About Muta - and a Disspelling Revolving around Doughnuts

The number of students from Muta Primary School who took part in the Surname Challenge was second only to Gornja Radgona. Some posed for us in front of the school. Thanks for the photo! What cool T-shirts you have! :)

The students from Muta discovered that the most common surname in Muta is Krajnc. But … can we really trust this data? How well does it represent Muta?

0.1618 % of Slovenians (3,414 out of 2,100,000) live in Muta. The proportion of Mutians in our database (of the 200 most common surnames) is only 0.0598 % (61 out of 103,530). Mutians are underrepresented by three times! The problem goes beyond having an unstratified sample: it indicates that Mutians have “unusual” surnames. This is unsurprising: the municipality is small, it may be influenced by the nearby Austria, and it is squeezed between mountains - the beautiful Pohorje in the south and the even more beautiful Kobansko in the north. (I can’t help it, here are two photos from my cycling trips: Lonhtar above Dravograd, and the church of St. Primož and Felicijan above Muta.)

How to find the typical Mutian surnames then? Here is a nice way: take a walk through the cemetery. There is one by the church of St. Marjeta, and another not far away. One could discover that there are only a few graves - or perhaps none - with surname Kranjc. There may likely be another, more frequent local surname that did not make it to the Slovenian top 200.

There’s one thing, though, that we can know for certain. Krajnc is not some typical surname that can only be found around here. Every Slovenian would agree to that: yes, of course, you can find the surname Kranjc everywhere. But, ha! This was a trap! See, in Slovenia, we have Krajnc and Kranjc; an old spelling of the region called Kranjska was Krajnska, hence also different spelling of surnames. The border between people (sur)named Kranjc and Krajnc - as for everyhing else in Slovenia - is a road pass Trojane. Everything changes there, from informal greetings (on the eastern side you’re supposed to say zdravo, not živjo) to the favourite football team (don’t mention Olimpija on the wrong side of Trojane; or wear too much green, for that matter) and the favourite beer (for some reason that I can’t fathom, people living on the eastern side of Trojane pretend to prefer Laško over Union 🤷‍♂️).

Enough about beer, what about doughnuts? Didn’t I promise doughnuts in the title? Where are the doughnuts! Right here, on Trojane.

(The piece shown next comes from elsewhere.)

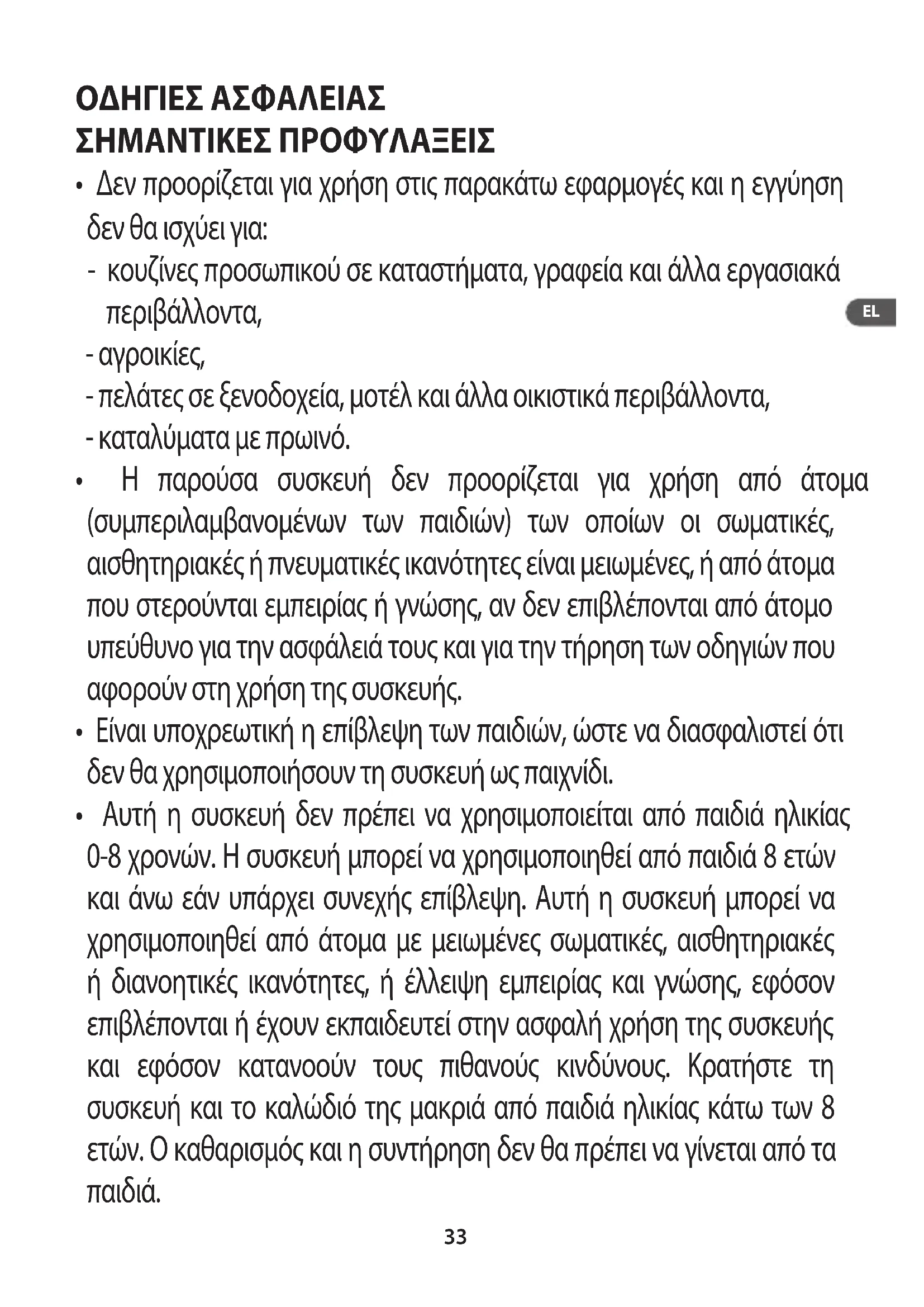 - Autó to npoiov npoopiζεtai anokλειοτικá yia oikiakn χρόn kai oxi yia εξωτepikoúc χwpuoc. Σ επερίπτωσ έπayyελμαtiκή χρόnç, n μη τήρονικ, twv odnyiw χρόnç, n εyyúnon δεν ioxuεi. Σtnv περίπτωσ autn, o kataokeuaotnc, δε χρηγει εyyúnon kai aπaλáooεtai aπo kaθε ευθύνη γia ενδεχόμενες ζημές.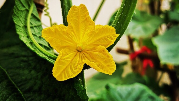黄瓜花(学名:Cucumis sativus L.)葫芦科一年生蔓生或攀援草本植物。茎、枝伸长,有棱沟,被白色的糙硬毛。卷须细。叶柄稍粗糙,有糙硬毛;叶片宽卵状心形,膜质,裂片三角形,有齿。雌雄同株。雄花:常数朵在叶腋簇生;花梗纤细,被微柔毛;花冠黄白色,花冠裂片长圆状披针形。雌花:单生或稀簇生;花梗粗壮,被柔毛;子房粗糙。果实长圆形或圆柱形,熟时黄绿色,表面粗糙。种子小,狭卵形,白色,无边缘,两端近急尖。花果期夏季。

The pass used to be a chokepoint for all traffic between the western and eastern parts of Slovenia, so a local restaurant made a big business by selling doughnuts. Even now, many still keep with the tradition and exit the highway to buy one or, more likely, a box of six. So, among people with surnames Krajnc and Kranjc, the one who comes for a doughnut from the direction of Vransko is a Krajnc, while the one who comes from Blagovica is a Kranjc.

If you don’t take my word for it, see the picture. And if you’re still not convinced, open Orange and see for yourself.